DRC shutters two private news channels



Authorities in the Democratic Republic of Congo have ordered the closure of two privately-owned news channels. The decision was condemned by media rights groups and officials should allow the channels to resume broadcasting immediately, says the Committee to Protect Journalists:

Lambert Mende, the Congolese minister of communication and media, released a statement on January 20 saying that Nyota TV, and Radio TV Mapendo, both part of a news group based in Lubumbashi, Haut-Katanga province, had been ordered off air effective January 28, for allegedly failing to pay taxes and licensing fees, according to reports. Though the transmissions were cut, the TV Nyota website has continued to operate.

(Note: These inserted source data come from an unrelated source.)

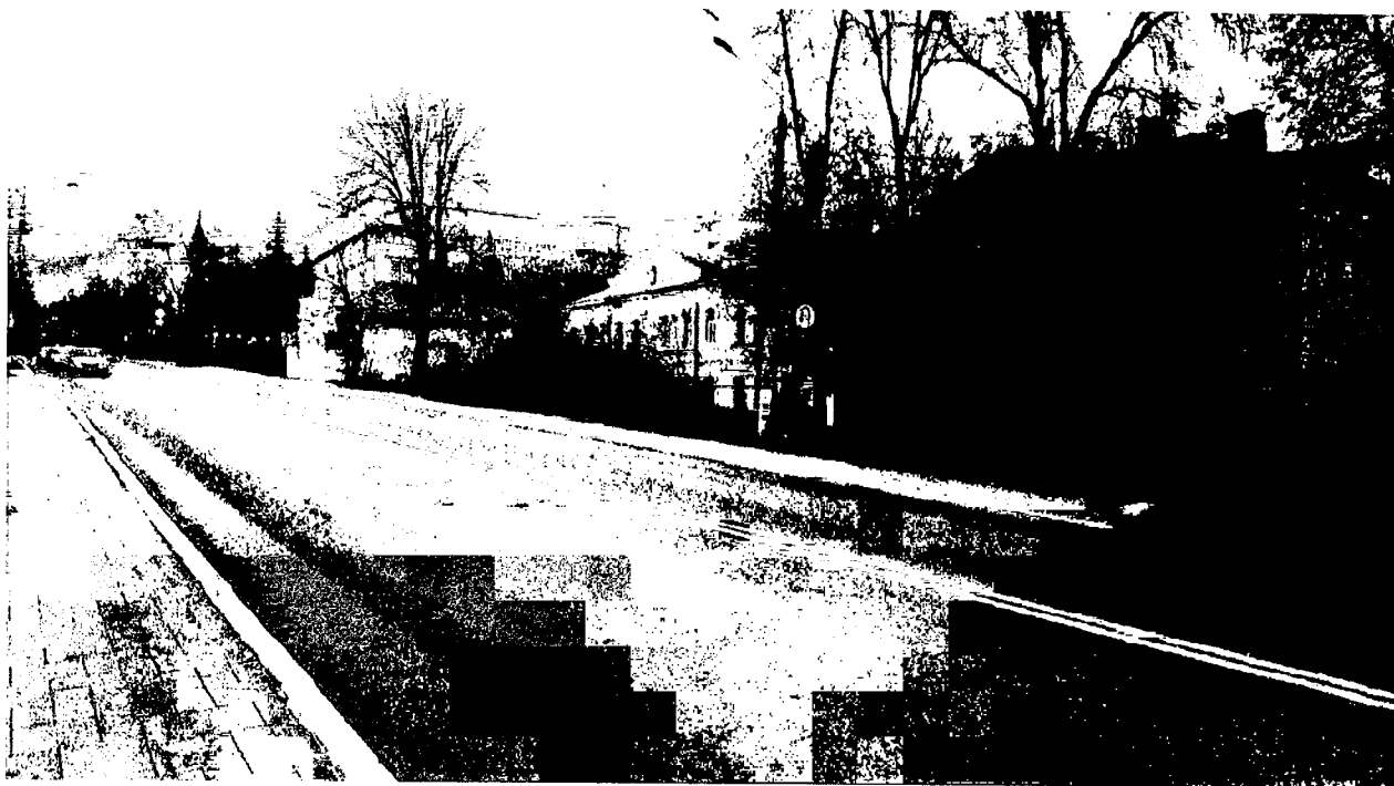
Фото 1. Дом (второй справа) в застройке ул. Набережная.
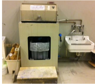
Studio 1 & werkplaats
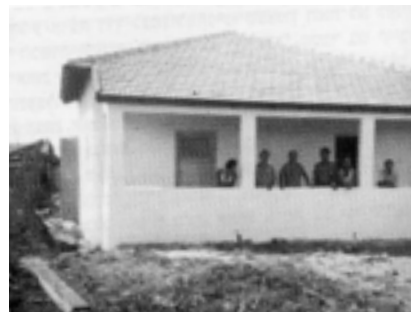
חזית היסטורית מתחם הסילו
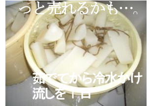
茹でてから冷水がけ流しを1日

凍み大根がのれんのように各家の軒下で作られています。食べ方を書いて試食を出すと桜祭りでもっと売れるかも…。
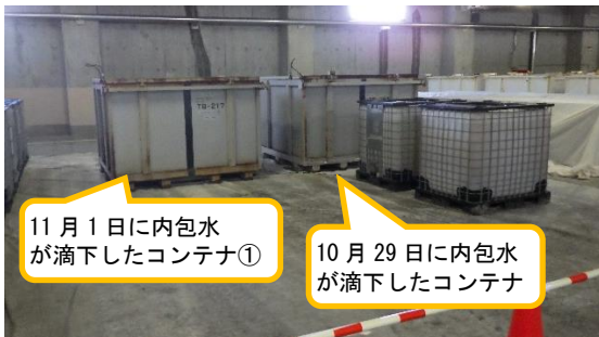
(写真1-1) 内包水が滴下したコンテナの 保管状況①
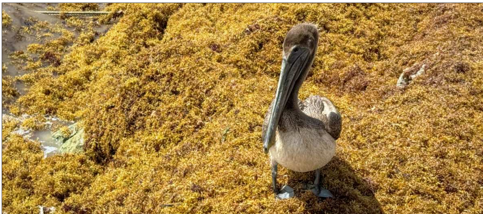
▲ “El sargazo no es un fenómeno local encarnado en una suerte de maldición contra el monstruoso desarrollo caribeño”.
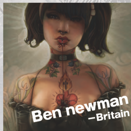
Ben Newman -Britain
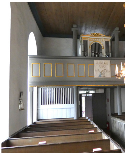
Interiören mot orgelläktaren. Från läktaren går trappan upp till vinden.

Kyrkorummet är litet och de båda bänkkvarteren tar upp en stor del av långhuset. Både långhus och kor har ett brunmålat bräddtak som avslutas nertill med en blåmålad profilerad list med uddkant. En kraftig spetsbågig triumfbåge delar av koret mot absiden. Mittemot dopplatsen vid den medeltida koringången i söder finns ingången till sakristian. Sakristiedörren är medeltida och mot koret består den av smala, horisontella hopnitade järnband, ringhandtag och dekorativt utformad låsskylt. Kyrkorummets utseende kommer till stor del från en renovering på 1930-talet. Även bänkinredningen fick sin utformning då, men har ett ålderdomligt utseende med bänkluckor. Bänkarna går ända ut till ytterväggarna, vilket också är ett äldre drag. I de flesta av dagens kyrkor har bänkarna kortats för att ge möjlighet till en gång utmed kyrkvägen. Orgelläktaren har ett enkelt utformat skrank med spegelindelning och färgsättning i grått och förgyllning. Läktarskranket avslutas nertill av en förgylld uddlist. Läktaren bärs upp av pelare och kolonner. Kyrkorummet i Nässja
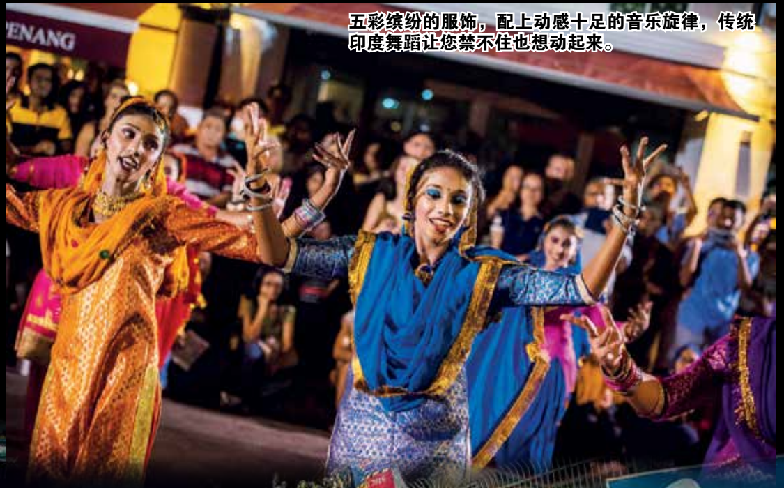
五彩缤纷的服饰，配上动感十足的音乐旋律，传统印度舞蹈让您禁不住也想动起来。
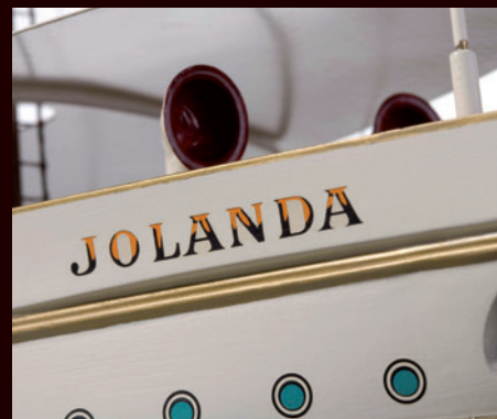
Die liebevoll angebrachte Beschriftung komplettiert das Modell.
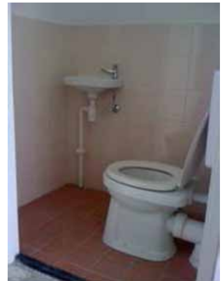
Foto: minder goed bezoekbaar toilet als gevolg van onpraktisch geplaatste pot t.o.v. de deuropening
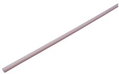
3730 Mini-Kabelkanal selbstklebend, transparent, Länge 2,0 m, passend für 3893 / 3895
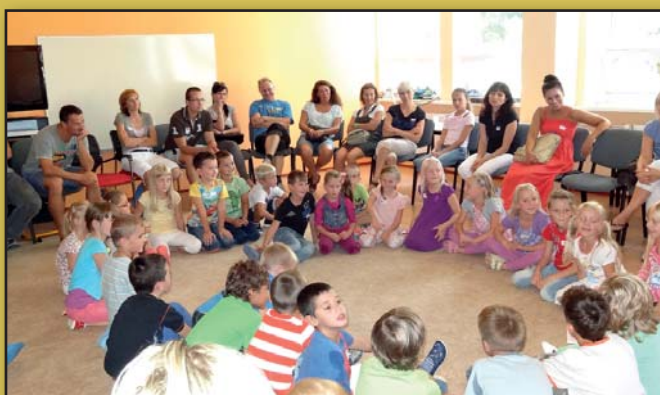
Prvňáčci se svými rodiči
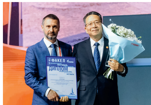
Специальный приз Оргкомитета был вручен делегации Китайской национальной нефтегазовой корпорации
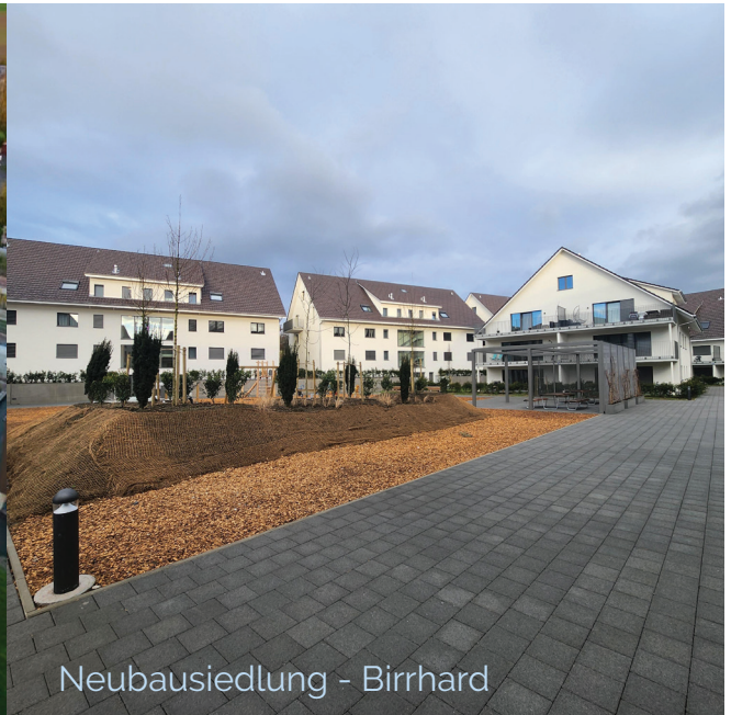
Neubausiedlung - Birrhard
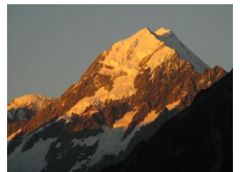
△マウントクック山景
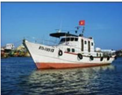
Tàu tuần tra, kiểm ngư
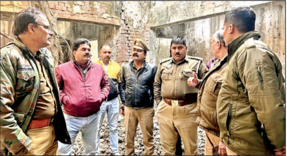
घटनास्थल पर जांच-पड़ताल करते पुलिस अधिकारी।
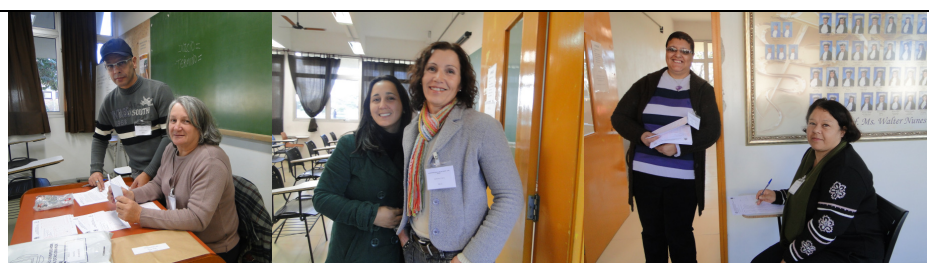
Alguns fiscais de Sala, aqui representando o total de 423 fiscais que atuaram em nosso concurso do dia 03/06/2012
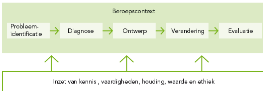
Figuur 1: Naar de competenties van de bedrijfskundige handelingscyclus (Landelijk Opleidingsoverleg Bedrijfskunde (LOO BK), 2018) 1

De taakcompetenties zijn afgeleid van de bedrijfskundige handelingscyclus :

Olivier Tuta, the director general of both stations, said the outstanding payments of USD$40,000 had been made on January 25 and 26, according to the press freedom group Journaliste en Danger and a statement from the local press freedom group OLPA [L’Observatoire de la Liberté de la Presse en Afrique – a grantee of the National Endowment for Democracy].

Both stations are owned by Moïse Katumbi, a businessman and politician who left the ruling party in September 2015 and later joined an opposition party, according to reports and the statement by Journaliste en Danger .  Katumbi, who was formerly the governor of Haut-Katanga province, has been rumored in reports as a potential opposition candidate ahead of the presidential elections due to take place later this year.

“The Congolese authorities should allow Nyota TV and Radio TV Mapendo to resume broadcasting immediately,” said CPJ Deputy Executive Director Robert Mahoney. “Broadcasting is a public service and governments cannot use the pretext of non-payment of licensing fees to hastily shutter those stations whose views they may not like.”

Over the past 12 months CPJ has documented several attacks on the press in the Democratic Republic of Congo, from blocking Internet and cell phone access and banning the screening of a critical documentary, to arbitrary arrests and physical attacks on journalists.